Big Name Meaning

(idiomatic) A prominent individual, especially one who is favorably regarded.

Example: 1909, P. G. Wodehouse, The Swoop! or How Clarence Saved England, ch. 2:
  Solly had carried on the old business, and was making a big name for himself.
1915, Zane Grey The Lone Star Ranger, ch. 11:
  He made a big name in the war. And since he's been in the ranger service he's done wonders.
2013 Jan. 29, Benjamin Hoffman, "At Media Day, Spotlight on Head Injuries Grows," New York Times (retrieved 10 Oct 2013):
  Do you want to go out there and do the right things or do you want to make that big hit to gain a big name?
1917, Sherwood Anderson, Marching Men, ch. 4:
  "You don't want me, you want a big name. They're all set to hang you over there. . . . It's a job for the biggest and best criminal lawyer in town."
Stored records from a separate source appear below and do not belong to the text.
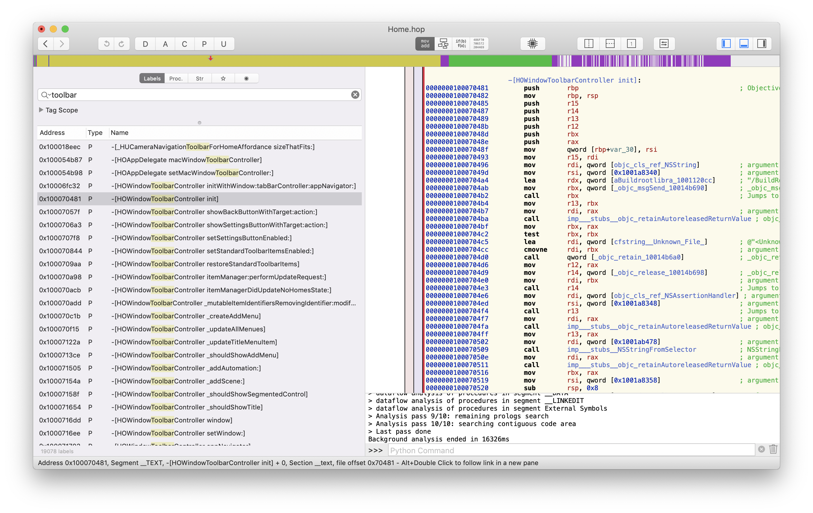 Looking at the toolbar, we’re not quite done here. Being a good Mac citizen means we use the native toolbar, just like Apple’s Home app(opens in a new tab). To see how this is done, I usually do my spelunking(opens in a new tab) with IDA or Hopper — both are great for disassembling and peeking inside Apple’s apps. By opening the Home app in Hopper and searching for “toolbar,” the responsible class was easy to find:
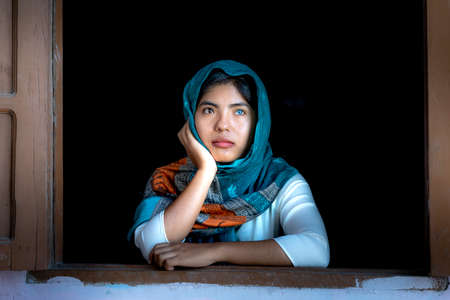 Portrait of a beautiful, elegant and attractive young Malay Asian Muslim woman in a dress and an hijab head scarf.
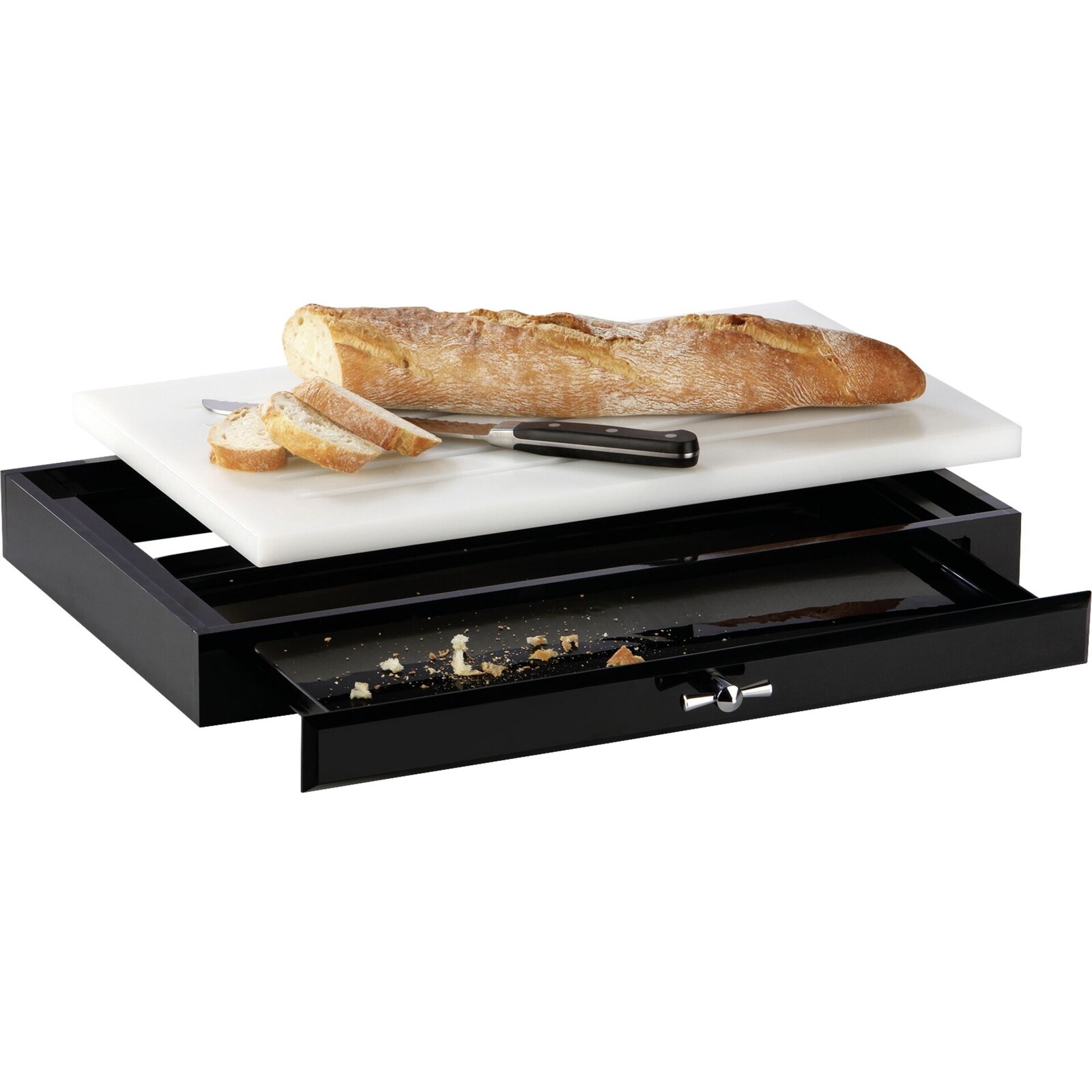 Kasten, Acryl, schwarz, mit herausziehbarer Krümelschublade. Schneidbrett, Acryl, weiß, mit 6 Krümel-Schlitzen. LxBxH in cm: 52,2x32,2x6,5.

1949 April 10, Owen Lattimore, "Big Problem is to Make UN Work, Too," Sunday Herald (Connecticut USA), p. 12 (retrieved 10 Oct 2013):
  With the big names of Europe assembled in Washington for the signing of the Atlantic Pact, the pact itself and its implications continue to be the world's biggest story.
2004 Mach 26, Richard Corliss, "That Old Feeling at 100," Time (retrieved 10 Oct 2013):
  [J]ust before Christmas 1983 . . . our editors were alerted that the surrealist painter Joan Miro had died. (A big name almost always dies around Christmas.)